On aurait vraiment tort de penser que la musique de Tony Dallas Reed, et donc de Stone Axe, se résume à un simple effeuillage de nos albums préférés un après-midi de dimanche pluvieux. Après dix ans de Mos Generator, T. Reed admet l'évidence : lui, le guitariste précis et multi-instrumentiste qu'il est devenu a les deux pieds coulés dans un socle blues-rock des années 70, et cela ne sert à rien de se le cacher. Fort de deux albums, Stone Axe (2009) et Stone Axe II (2010), ce groupe qui enregistre à deux et qui joue parfois à quatre, est un régal pour l'âme. Même si cette couleur musicale, ce phrasé de guitare ou cette lourdeur de batterie vous évoquent inévitablement quelque chose, ce groupe (hybride quelque fois) n'est pas là que "to pay tribute". La petite conversation que j'ai échangée avec T. Reed m'amène à croire qu’un certain nombre d'entre nous auraient adoré être une souris, planquée au fond de son studio d'enregistrement, au moment où ce sorcier du son, bascule le switch sur "Power On".

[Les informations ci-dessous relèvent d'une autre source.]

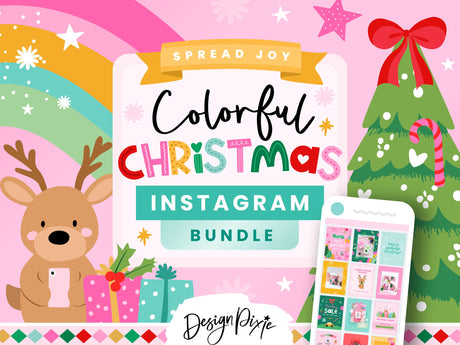 Christmas Instagram Templates | Colorful Holiday Canva Posts & Stories
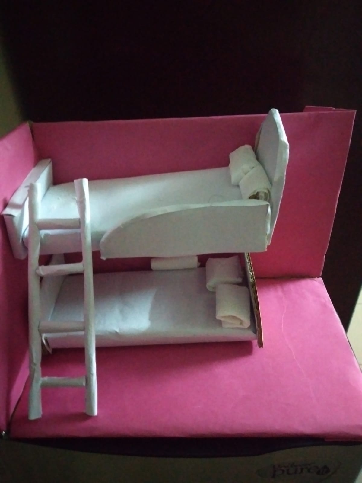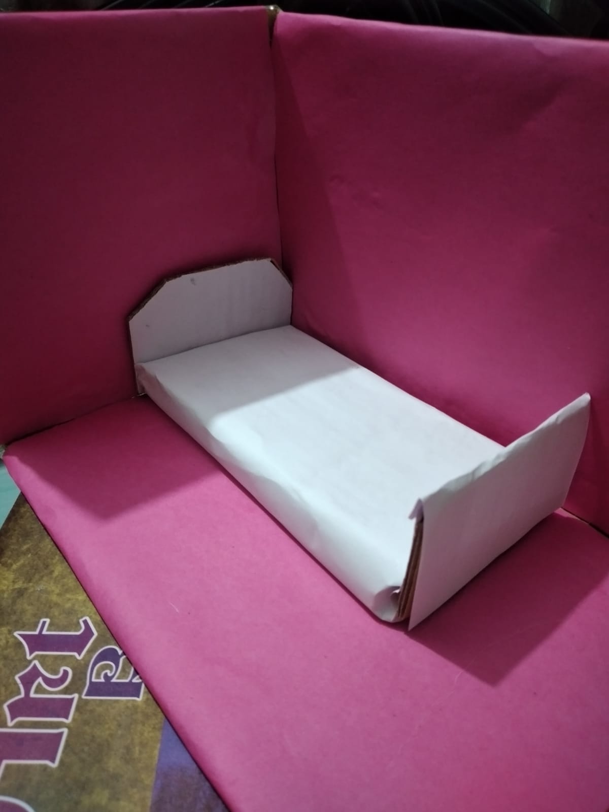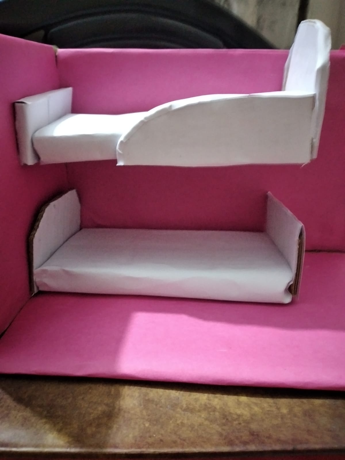 এরপর উপরের খাটের জন্য পাশের জন্য মাপ দিয়ে কাগজ কেটে নিলাম।এরপর কাগজ কেটে সাদা কাগজ দিয়ে আঠা দিয়ে আটকে নিলাম।এরপর দ্বিতীয় খাটটিও করে নিলাম।

Tony, je suis ravi que l’on puisse enfin faire plus ample connaissance. Je t’avoue que, depuis cinq mois, tu as occupé pas mal mes pensées. Alors d’où viens-tu, et parles moi un peu de ton parcours et de Stone Axe.

– On vient d’une ville qui s’appelle Port Orchard dans la région de Seattle. Dru Brinkeroff et moi nous nous connaissons depuis une dizaine d’années ; j’ai produit un certains nombres de groupes dans lesquels il était notamment The Swinos, et de mon coté j’ai joué à peu prés dix ans aussi avec Mos Generator. J’avais envie de le faire venir dans ce projet « Stone Axe » parce que je pense que sa voix collerait parfaitement bien Tony Dallas Reed - Stone Axeà ce que je voulais faire.

 

A ce propos si j’ai bien compris, toi et Dru, vous jouez de tous les instruments sur ce premier album : claviers, basse, batterie ? Et le résultat est hallucinant !
– J’ai toujours travaillé de mon coté, sur des démos, et cette fois là je voulais vraiment en faire quelque chose. J’ai choisi un titre que j’ai confié à Dru et le résultat a été magnifique. On est allé jusqu’au bout et là avons eu une proposition de Roadburn Records pour réaliser un titre et après l’album complet. Sur le premier album, Stone Axe, et le tout dernier, Stone Axe II, je joue de tous les instruments et Dru fait les vocaux. Mykey Haslip et Mike DuPont jouent sur quelques titres mais majoritairement c’est moi ; j’enregistre toujours seul et ensuite on les apprend à deux ou à quatre. Les titres ne sont jamais joués en live avant de sortir sur album.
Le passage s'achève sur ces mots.